Я мог бы еще сказать кое-что о том, как музыка воспринимается, а именно, в и через время только, с абсолютным исключением пространства, а также отдельно от влияния знания причинности, таким образом без понимания; ибо тона производят эстетическое впечатление как эффект, и не обязывая нас возвращаться к их причинам, как в случае с восприятием. Я не желаю, однако, удлинять это обсуждение, так как я, возможно, уже слишком углубился в детали относительно некоторых вещей в этой Третьей книге или слишком остановился на частностях. Но моя цель сделала это необходимым, и это будет тем менее осуждено, если иметь в виду важность и высокую ценность искусства, которая редко признается в достаточной мере. Ибо если, согласно нашему взгляду, весь видимый мир есть просто объективация, зеркало воли, ведущее ее к познанию самой себя, и, действительно, как мы скоро увидим, к возможности ее избавления; и если, в то же время, мир как представление, если мы рассматриваем его в изоляции и, освобождаясь от всякого воления, позволяем ему одному овладеть нашим сознанием, является самой радостной и единственно невинной стороной жизни; мы должны рассматривать искусство как высшее восхождение, более полное развитие всего этого, ибо оно достигает по существу того же, что достигается самим видимым миром, только с большей концентрацией, более совершенно, с намерением и интеллектом, и поэтому может быть названо, в полном значении слова, цветком жизни. Если весь мир как представление есть только видимость воли, произведение искусства должно сделать эту видимость более отчетливой. Это camera obscura, которая показывает объекты более чисто и позволяет нам обозреть их и постичь их лучше. Это игра внутри игры, сцена на сцене в «Гамлете».

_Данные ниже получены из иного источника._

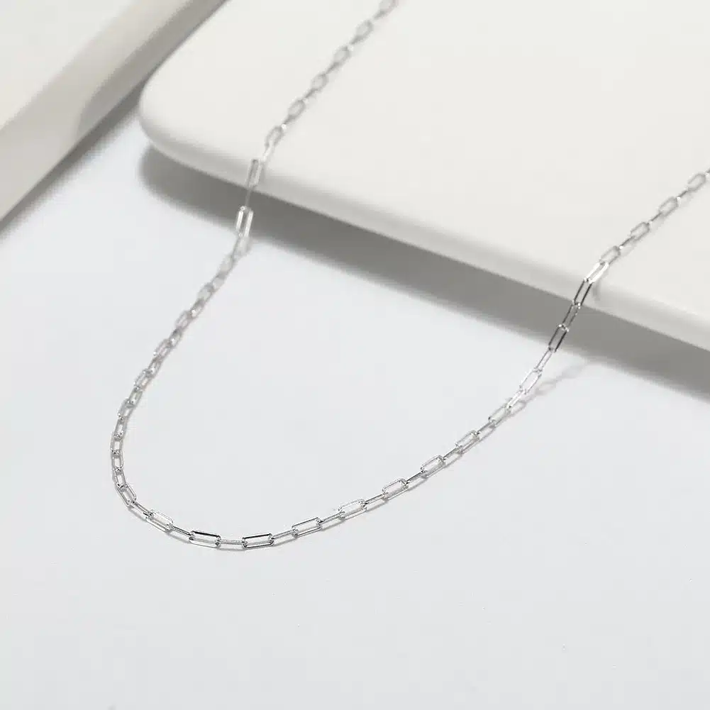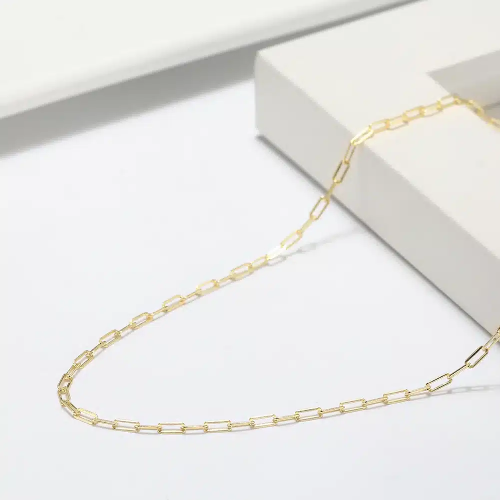 Le chaînage fluide à maillons rectangulaires donne un rendu moderne et sophistiqué. Chaque maillon est poli pour refléter la lumière sous tous les angles, créant un effet brillant et élégant. Disponible en version courte de 45 cm ou en version longue de 55 cm, il s’adapte à toutes les morphologies et à tous les styles. Porté seul, il attire le regard avec discrétion. En layering, il apporte de la structure et du relief à une composition de colliers.

Наслаждение, которое мы получаем от всей красоты, утешение, которое дает искусство, энтузиазм художника, который позволяет ему забыть заботы жизни, — последнее преимущество человека гения перед другими людьми, которое одно окупает его за страдание, возрастающее пропорционально ясности сознания, и за пустынное одиночество среди людей другой расы, — все это покоится на том факте, что «в-себе» жизни, воля, само бытие, есть, как мы увидим далее, постоянное страдание, отчасти жалкое, отчасти ужасное; в то время как, напротив, как представление только, чисто созерцаемое или скопированное искусством, свободное от боли, оно представляет нам драму, полную значения. Эта чисто познаваемая сторона мира и копия ее в любом искусстве — это стихия художника. Он прикован к созерцанию игры, объективации воли; он остается рядом с ней, не устает созерцать ее и представлять в копиях; и тем временем он сам несет издержки производства этой игры, т.е. он сам есть воля, которая объективирует себя, и остается в постоянном страдании. То чистое, истинное и глубокое познание внутренней природы мира становится теперь для него целью в себе: он останавливается на этом. Поэтому оно не становится для него успокоителем воли, как, мы увидим в следующей книге, это происходит в случае святого, достигшего отречения; оно не избавляет его навсегда от жизни, но только моментами, и поэтому не является для него путем из жизни, но только случайным утешением в ней, пока его сила, увеличенная этим созерцанием и наконец уставшая от игры, не овладеет реальным. Святую Цецилию Рафаэля можно рассматривать как представление этого перехода. К реальному, таким образом, мы теперь обращаемся в следующей книге.

[pg 347]

Четвертая книга. Мир как воля.

Второй аспект. Утверждение и отрицание воли к жизни, когда достигнуто самосознание.

Tempore quo cognitio simul advenit, amor e medio supersurrexit.—Oupnek'hat,

Studio Anquetil Duperron, vol. ii. p. 216.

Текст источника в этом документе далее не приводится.